And then also the distributions and stuff that you're going to make, and you're not making any more income. There's nothing more really coming in unless you have like a side business or some
sort of other thing. But even then the taxation on that is huge. Right. Exactly. I mean, you build up what I call during your accumulation phase of your whole life, which
is the first more than half of your life building and saving and building up a pot of wealth.
And it's supposed to sustain you for the rest of your life.
So people don't factor in the government control of the wealth that they've built and what
that means in the future.
They just don't factor it in. So when they do get the bill and they see the tax that's been withheld
from the distribution, they're like, wait a minute, what's going on here? Yeah, that's the
actual withholding of the pie. So we have to build that in so that we can be prepared. Yes, 100%.
And I think what a lot of people don't realize is that people are living longer now,
and the way they're kind of going with some of these new medical things, we might be
living into our hundreds, and if you're retiring at 65, that's about 40 years of income that
you've got to stretch out, make work, and make happen. Exactly right. I mean, the fact that the longevity of our lifespan has increased
and at the same time, the cost of medical care has also increased is a big problem for the fact
that it used to be that you could maybe just augment social security for 15 or 25 years,
20 years, 25 years at the most. Now we are a lot longer on that time frame. So you're exactly right.
And you bring up an excellent point. The longer you're living, the more health, you know,
costs you're going to generate and the more probably complications you're going to have.
My mom, God bless her. She's, you know, she's having her knees replaced. She's had one knee
replaced. She's scheduled to have another replaced. You know, you just need, the older you get,
the more you break down, the more work you need.

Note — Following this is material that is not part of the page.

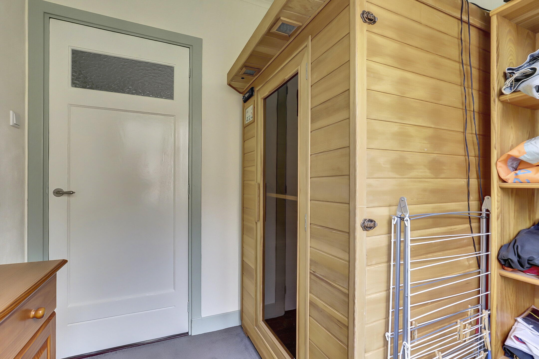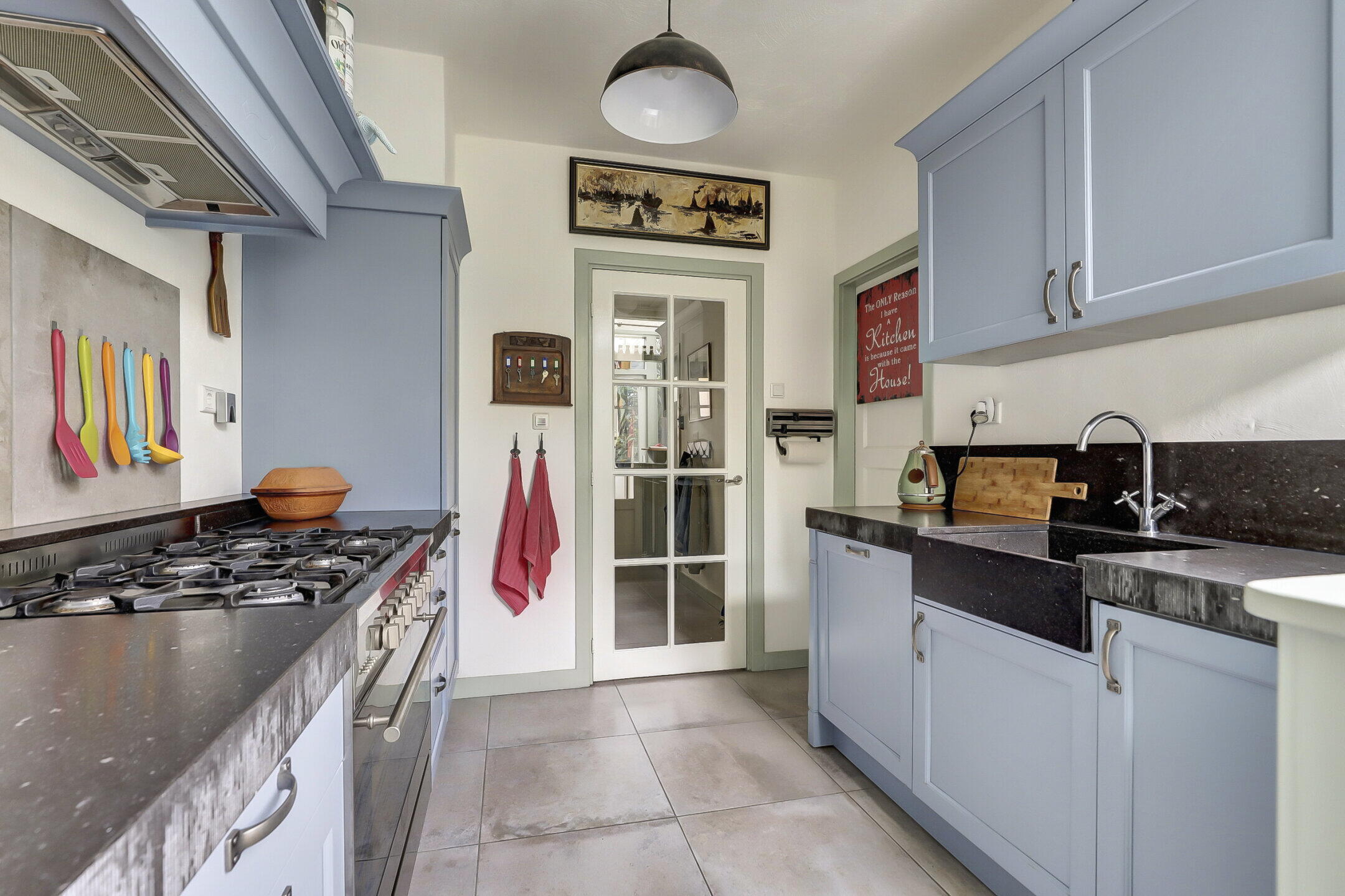Begane grond: entree met portaal (vestibule) en ontvangsthal met trapopgang, trapkast en toilet. Magnifieke en suite woonkamer met twee aanpaste rookkanalen, vaste kasten en een verbinding naar de superlichte tuinkamer. Dichte keuken met een modern keukenblok in een parallelle opstelling met ingebouwde apparatuur. Toegang naar een praktische, verrassend ruime bijkeuken.

And you're still alive, so that's good.
But, you know, you're going to need more health visits and payments to hospitals and everything else.
And certainly it's a challenge.
And like I said, I remember when the housing boom busted. And there was a lot of people I talked to who were in their 50s and 60s who'd
taken out these home equity loans and different things. And suddenly they were upside down by
$200,000 in their home. And here they thought they would have all this equity that they would
convert into their retirement. And so for a lot of them, it's sad here in Las Vegas. I actually
go to like Costco or Walmart or other places and I see very old people working there that I'm like, you know, I don't want to be mean, but I'm like, this person looks like they should have retired a long time ago.
Yeah.
That's probably because of the housing boom that happened, bust that happened here in Las Vegas in the 2000s.
And so, you know, for all I know,
I'm probably going to work in the streets when I hit 70.
No.
I'll be out there in a new skirt hustling or something. I don't know.
But you've got to protect yourself. You've got to control your money and manage your money.
And you work with clients to help them do that. It looks like you have a client portal,
so people can, I guess, go in and work with you on your website and see what's going on.
Yep, absolutely.
Definitely.
You know, I think once we get past the tax and we figure out how we work, Chris, is we like to reverse engineer.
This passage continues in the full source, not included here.